BL: It was interesting to me that you wrote that the tournament was very well attended. Did the crowd have any problem with the quality of tennis on display?

MF: They don’t seem to. What was more important was supporting the establishment. I mean here were these sort of upstart players staging this boycott, and there was sort of a how-dare-they sensibility to all of this. How dare they want such freedom and not go along with our rules? So the British media, the British public, obviously the All England Club, was just hugely against the players. They did not win, you know, the battle of public perception in this in any way. What they won was the war in that they gained their freedom very shortly thereafter.

BL: So given the shape of tennis going forward after Wimbledon ’73 it would be fair to conclude the boycott was a success.
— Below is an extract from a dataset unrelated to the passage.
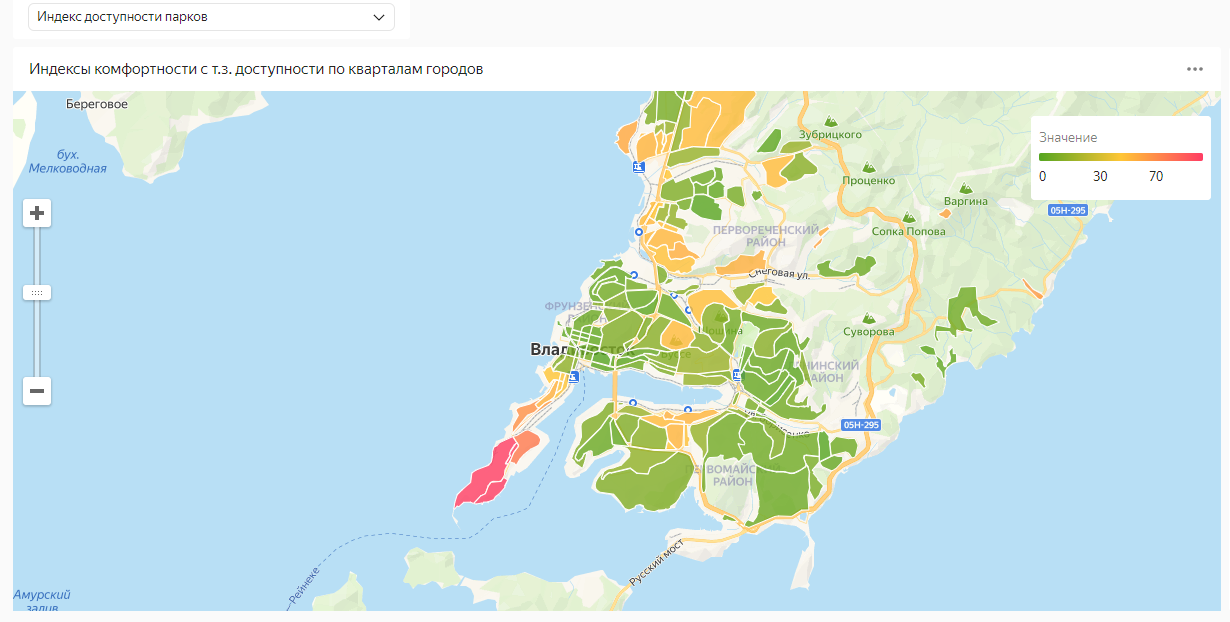Также индексы комфортности строились по заказу для многих других городов: Хабаровск, Архангельск, Мурманск, Магадан, Якутск, Улан-Удэ, Чита, Благовещенск, Южно-Сахалинск, Анадырь, Владивосток, Петропавловск-Камчатский и Биробиджан. На картинке ниже изображен урбан парков по Владивостоку в DataLens. Его можно скачать из DataLens Marketplace.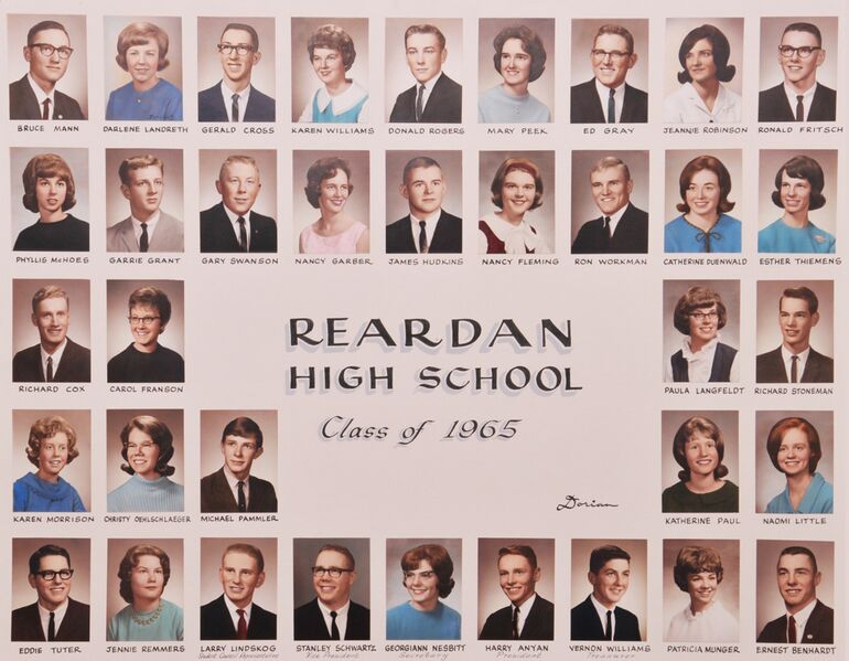 Class composite for 1965. (Photo held by Reardan High School and harvested off of their website).

MF: It’s a huge success. I mean this was the moment where tennis really sort of grew up — the players no longer had to listen to their federation and could go anywhere and play whenever they wanted and wherever they wanted. And the federations were, you know, scared out of their wits by this sort of boycott. And the suspension was lifted. There was no way the U.S. Open was going to allow something like this to happen, and it’s basically been pretty smooth sailing for tennis players ever since. The players that are competing at Wimbledon, the purse is about $35 million.